29
Am I the only one who thinks the new digital diagnostic tools are making us worse at the job?
I've been working on elevators for 15 years, and last year our company in Cincinnati got those fancy tablet-based diagnostic kits for the whole crew. Everyone was excited, but after 6 months, I've gone back to my old multimeter and wiring diagrams. The tablet told me a motor controller in a 10-story office building was shot, based on a single error code. I spent half a day waiting for the part, but when I got in there with my meter and traced the circuit, it was just a corroded terminal block on the floor selector. The tablet didn't even have a test sequence for that. It makes you follow its logic instead of building your own. How can you trust a tool that costs more than your truck but can't find a bad connection? Has anyone else found themselves ignoring the flashy tech to just do the basic checks?
3 comments
Log in to join the discussion
Log In3 Comments
derek8681mo agoMost Upvoted
Totally get what you're saying. I mean, it feels like the software just gives you the answer it wants you to find, not the one that's actually there. I had to replace a whole door operator because the tablet said so, but it was just a loose plug on the safety circuit.
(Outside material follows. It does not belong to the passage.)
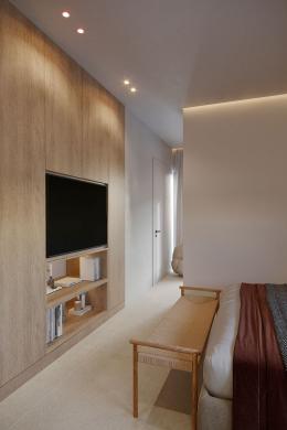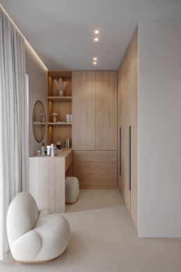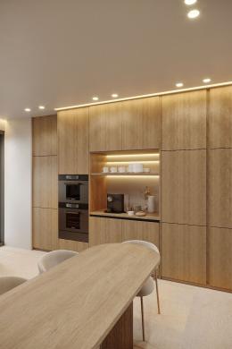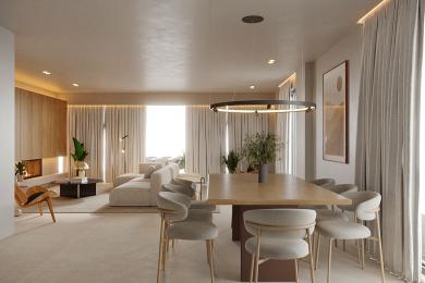 The apartment features three spacious bedrooms, including a master bedroom with a dedicated dressing area, and three contemporary bathrooms. Designed for both comfort and entertaining, the residence includes a private bar area, adding a unique and sophisticated touch to the living space.

You start to lose that gut feeling for where the real problem is.
5
the_ivan1mo ago
Honestly, our shop in Dayton pushed those same tablet systems on us about two years back. The thing kept telling me to replace a perfectly good logic board in a hospital service elevator. I spent an hour with the wiring schematic and found a single pinched wire in the cab harness. The software had zero checks for physical damage. It just reads codes, it doesn't think. I keep the tablet in my truck for the paperwork, but my real tools are still in my bag.
2
sandrap4011d ago
You mentioned the software had zero checks for physical damage, and that's exactly right. It's a fancy code reader, not a mechanic. The danger is when shops treat its suggestions as orders instead of just clues. A good tech uses it to point in a direction, but you still have to walk down the road yourself with a meter and a schematic.